3.4. Selectivity map based on hydrophobic/electrostatic interactions ratio
Finally, all studied anion-exchangers were distributed in three groups based on their ability to retain organic anions via a combination of electrostatic and hydrophobic interactions as shown by Eq. (8). The apparent electrostatic interactions were estimated as a logarithm of retention factor (logkCl-) of chloride, which is a spherical anion with a small ionic radius (0.181 nm). Due to these properties, one can expect minimal hydrophobic interactions between this anion and the matrix, as well as high permeability or minimal steric hindrance in accessing charged ammonium groups. Methylene selectivity values α(CH2)CA obtained for alkanoates homologues were used as hydrophobicity measures of selected anion-exchangers.
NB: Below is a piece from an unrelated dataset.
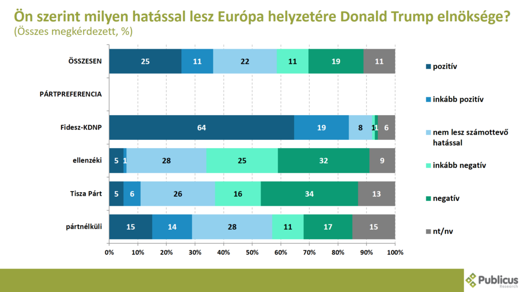 Tízből közel négy (36 százalék) válaszadó szerint vagy pozitív (25 százalék), vagy inkább pozitív (11 százalék), hatással lesz Európa helyzetére Donald Trump elnöksége. Így nyilatkozott tízből nyolc (83 százalék) Fidesz szavazó, a pártnélküliek közül tízből három (29 százalék), a Tisza Párt szavazóinak a 11 százaléka, illetve az ellenzéki szavazók 6 százaléka.

The resulting selectivity map is shown in Figure 3.
Figure 3.
Selectivity map of anion-exchangers. The data points for Type I and Type II anion-exchangers are marked by red square and blue circles, respectively.
Based on hydrophobicity, these anion-exchangers can be divided into three selectivity groups: very hydrophobic with α(CH2)CA > 0.30; hydrophobic with 0.30 > α(CH2)CA > 0.10 and hydrophilic ion-exchangers with α(CH2)CA < 0.10. When using purely aqueous eluents, an almost pure ion-exchange retention mechanism is applies only to the separation of organic anions on hydrophilic anion-exchangers, however, for the rest of ion-exchangers, the possibility of mixed-mode separation should be considered. It should be noted that the data obtained in this work show some inconsistency with the hydrophobicity description given by the producer for the corresponding columns.
The mixed-mode performance of anion-exchangers depends on the ratio of hydrophobic and electrostatic interactions, so kCl retention factors were used to measure the ion-exchange ability of adsorbents under the same experimental conditions as used for hydrophobicity measurements. As shown in Figure 4, there is no clear correlation between the retention factor of chloride (kCl-) and column capacities specified by manufacturers under the conditions used in this work. Nevertheless, anion-exchangers with kCl- > 5.0 in 10 mM NaOH should be considered as high-capacity ion-exchangers. The group of anion-exchangers shown in inlay with retention factor kCl- < 5.0 and declared column capacity less than 30 μeq/column can be identified as low-capacity ion-exchangers. The electrostatic/hydrophobic balance for anion-exchanger can be characterised by the ratio of chloride retention factor and methylene selectivity. The corresponding values of mixed-mode factors kCl/α(CH2)CA for studied anion-exchangers are presented in Table 4. The kCl/α(CH2)CA value varies in the range from 0.85 for the most hydrophobic ICSep AN1 column to 103.97 for the most hydrophilic IonPac AS25 column.
Figure 4.
Correlation between experimentally obtained data on retention of chloride (kCl-) in 10 mM NaOH eluent and column capacity values as specified by column manufacturers. All column capacities are presented for 250 × 4.0 mm ID dimension.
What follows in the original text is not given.